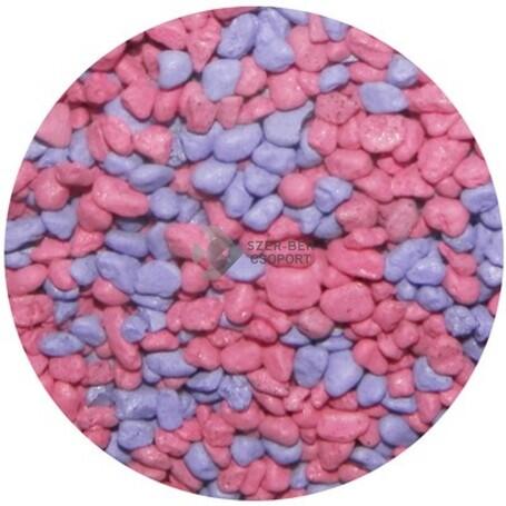 750g Rózsaszín-kék mix akvárium aljzat. Ez az aljzatkavics különleges látványvilágot biztosít az akváriumodnak. Színezése biztonságos eljárással történik. Nem oldódnak ki belőle káros anyagok, nem befolyásolja az akváriumvíz minőségét. Élőnövényes akváriumba legalább 5 cm vastag aljzatréteg szükséges.
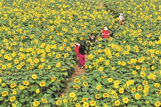 近日,安徽省淮北市相山区渠沟镇张楼村向日葵种植基地的向日葵进入盛花期,金色花海在阳光下绚烂夺目,吸引游客前来观赏游玩。近年来,淮北市相山区坚持农旅融合发展,大力发展生态观光农业,打造集向日葵、芍药、菊花等特色种植和深加工的“芳香小镇”,带动当地村民增收致富,助力乡村振兴。 本报通讯员 万善朝 摄
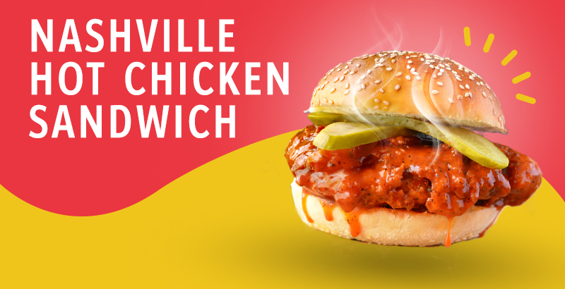 Crispy fried Chicken Tenders tossed in Nashville Hot sauce with pickles. Served on a toasted Kaiser style bun | 1150 Cals |
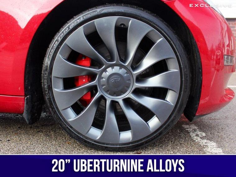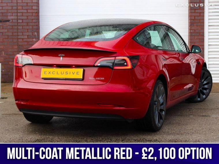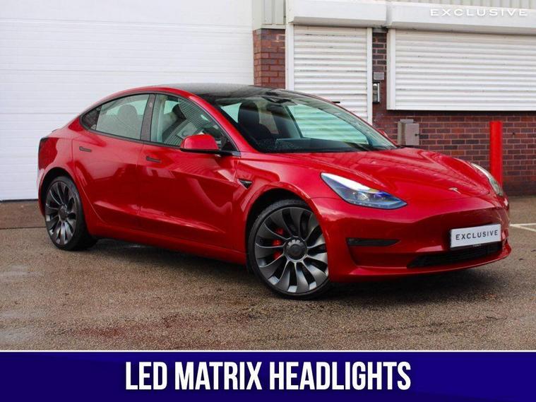 We are delighted to present this 1 owner, ultra low mileage , Tesla Model 3 Performance benefitting from the upgraded metallic multi-coat red paintwork, which was the most expensive paint option (£2, 100) With list price of c. £62, 000 brand new.This Tesla has an extensive specification which includes the 20'' alloys, red brake calipers, premium black leather, panoramic roof, satellite navigation, surround cameras, heated front and rear seats, heated steering wheel, carbon fibre trim, track mode and much more. ---|--- TESLA WARRANTY UNTIL 07/2027 & TESLA BATTERY WARRANTY UNTIL 07/2031---|---So let us tell you about our day out with the Tesla. We are simply in awe of this fantastic wonder-car , achieving 60 mph in 3.1 seconds and a top speed of 162 mph...calling this a car would be a great injustice to the motor industry. We are so excited when writing this ... and you really do need to visit and let us drive you, or if you prefer let the autopilot, one of our favourite options, drive you to experience this fantastic technological marvel. Really you must ... it really is that good! We think that owning this car is akin to owning an Apple product, simple yet brilliant in both form and function and seldom out of date thanks to its over the air updates. Yep. Instead of having to go to a dealer or service centre to get your car updated, Tesla pushes updates to its cars over the net like it’s a massive, wheeled smartphone. These updates add new features, improve existing ones and fix bugs. Theory is however old your Model 3, it will always have all the latest features, provided you’ve let it update (you don’t have to be in or anywhere near the car). This is clever and we like it very much indeed. It’s rapid, quiet, refined, spacious, fantastic grip and road manners thanks to its all wheel drive, it has an excellent driving range of over 300 miles in real-world driving, you can recharge it easily, quickly and reliably at Tesla's Supercharger network. ---|---***Other features can be purchased from Tesla such as: Full Self Driving, Enhanced Autopilot***.
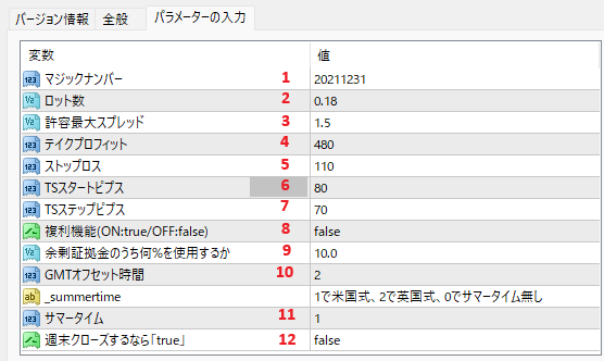 ・SL(Stop Loss):EAの設定上の最大損失pips(または指定された金額など)
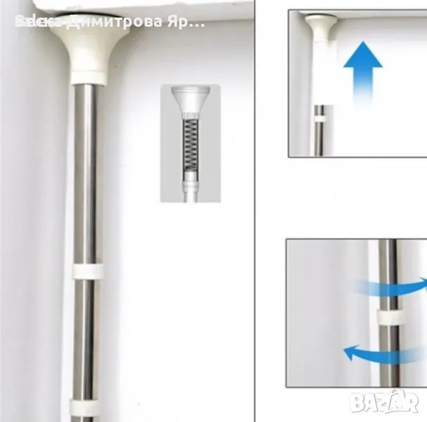 Материал - неръждаема стомана и пластмаса;Капацитет на товароносимост - до 5 кг;Вид - телескопична;Размери - 26см х 19.5см (разтяга се от 78см до 275см).
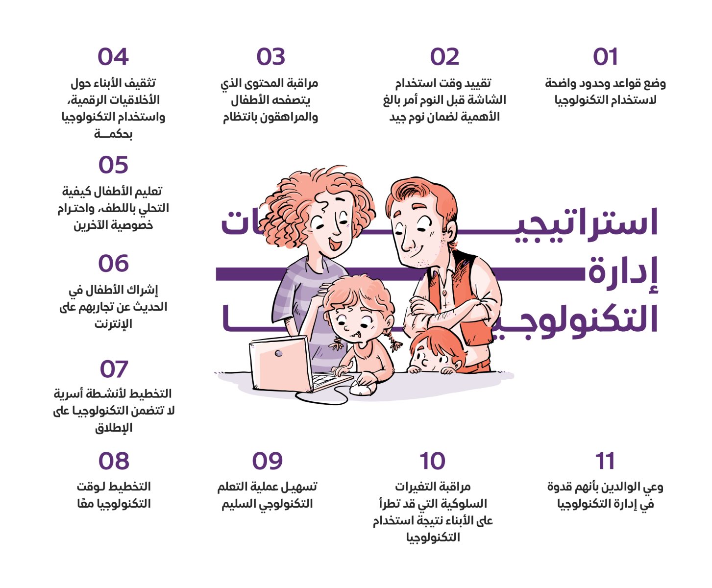 - وعي الوالدين بأنهم قدوة في إدارة التكنولوجيا؛ لذا ينبغي عليهم تبني سلوك أخلاقي ومسؤول على الإنترنت وخارجه، ليكونوا قدوة حسنة لأبنائهم.
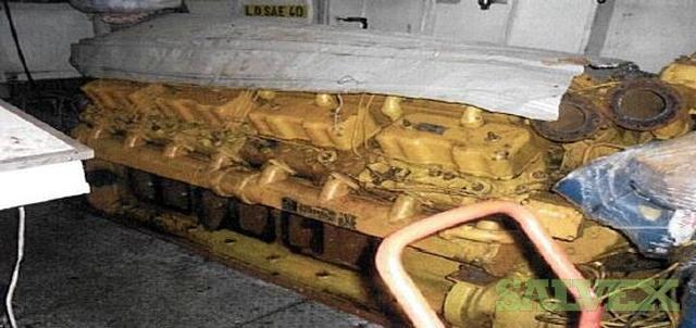 This Marine Engine Caterpillar, Model D399, Serial 35B06449 is being sold by a company as part of a claim to recover funds and storage space.

• **Description of the task**: Leave out the pictures and print every line of the data exactly.

• **Your response**:
 750g Rózsaszín-kék mix akvárium aljzat. Ez az aljzatkavics különleges látványvilágot biztosít az akváriumodnak. Színezése biztonságos eljárással történik. Nem oldódnak ki belőle káros anyagok, nem befolyásolja az akváriumvíz minőségét. Élőnövényes akváriumba legalább 5 cm vastag aljzatréteg szükséges.
 近日,安徽省淮北市相山区渠沟镇张楼村向日葵种植基地的向日葵进入盛花期,金色花海在阳光下绚烂夺目,吸引游客前来观赏游玩。近年来,淮北市相山区坚持农旅融合发展,大力发展生态观光农业,打造集向日葵、芍药、菊花等特色种植和深加工的“芳香小镇”,带动当地村民增收致富,助力乡村振兴。 本报通讯员 万善朝 摄
 Crispy fried Chicken Tenders tossed in Nashville Hot sauce with pickles. Served on a toasted Kaiser style bun | 1150 Cals |
 We are delighted to present this 1 owner, ultra low mileage , Tesla Model 3 Performance benefitting from the upgraded metallic multi-coat red paintwork, which was the most expensive paint option (£2, 100) With list price of c. £62, 000 brand new.This Tesla has an extensive specification which includes the 20'' alloys, red brake calipers, premium black leather, panoramic roof, satellite navigation, surround cameras, heated front and rear seats, heated steering wheel, carbon fibre trim, track mode and much more. ---|--- TESLA WARRANTY UNTIL 07/2027 & TESLA BATTERY WARRANTY UNTIL 07/2031---|---So let us tell you about our day out with the Tesla. We are simply in awe of this fantastic wonder-car , achieving 60 mph in 3.1 seconds and a top speed of 162 mph...calling this a car would be a great injustice to the motor industry. We are so excited when writing this ... and you really do need to visit and let us drive you, or if you prefer let the autopilot, one of our favourite options, drive you to experience this fantastic technological marvel. Really you must ... it really is that good! We think that owning this car is akin to owning an Apple product, simple yet brilliant in both form and function and seldom out of date thanks to its over the air updates. Yep. Instead of having to go to a dealer or service centre to get your car updated, Tesla pushes updates to its cars over the net like it’s a massive, wheeled smartphone. These updates add new features, improve existing ones and fix bugs. Theory is however old your Model 3, it will always have all the latest features, provided you’ve let it update (you don’t have to be in or anywhere near the car). This is clever and we like it very much indeed. It’s rapid, quiet, refined, spacious, fantastic grip and road manners thanks to its all wheel drive, it has an excellent driving range of over 300 miles in real-world driving, you can recharge it easily, quickly and reliably at Tesla's Supercharger network. ---|---***Other features can be purchased from Tesla such as: Full Self Driving, Enhanced Autopilot***.
 ・SL(Stop Loss):EAの設定上の最大損失pips(または指定された金額など)
 Материал - неръждаема стомана и пластмаса;Капацитет на товароносимост - до 5 кг;Вид - телескопична;Размери - 26см х 19.5см (разтяга се от 78см до 275см).
 - وعي الوالدين بأنهم قدوة في إدارة التكنولوجيا؛ لذا ينبغي عليهم تبني سلوك أخلاقي ومسؤول على الإنترنت وخارجه، ليكونوا قدوة حسنة لأبنائهم.
 This Marine Engine Caterpillar, Model D399, Serial 35B06449 is being sold by a company as part of a claim to recover funds and storage space.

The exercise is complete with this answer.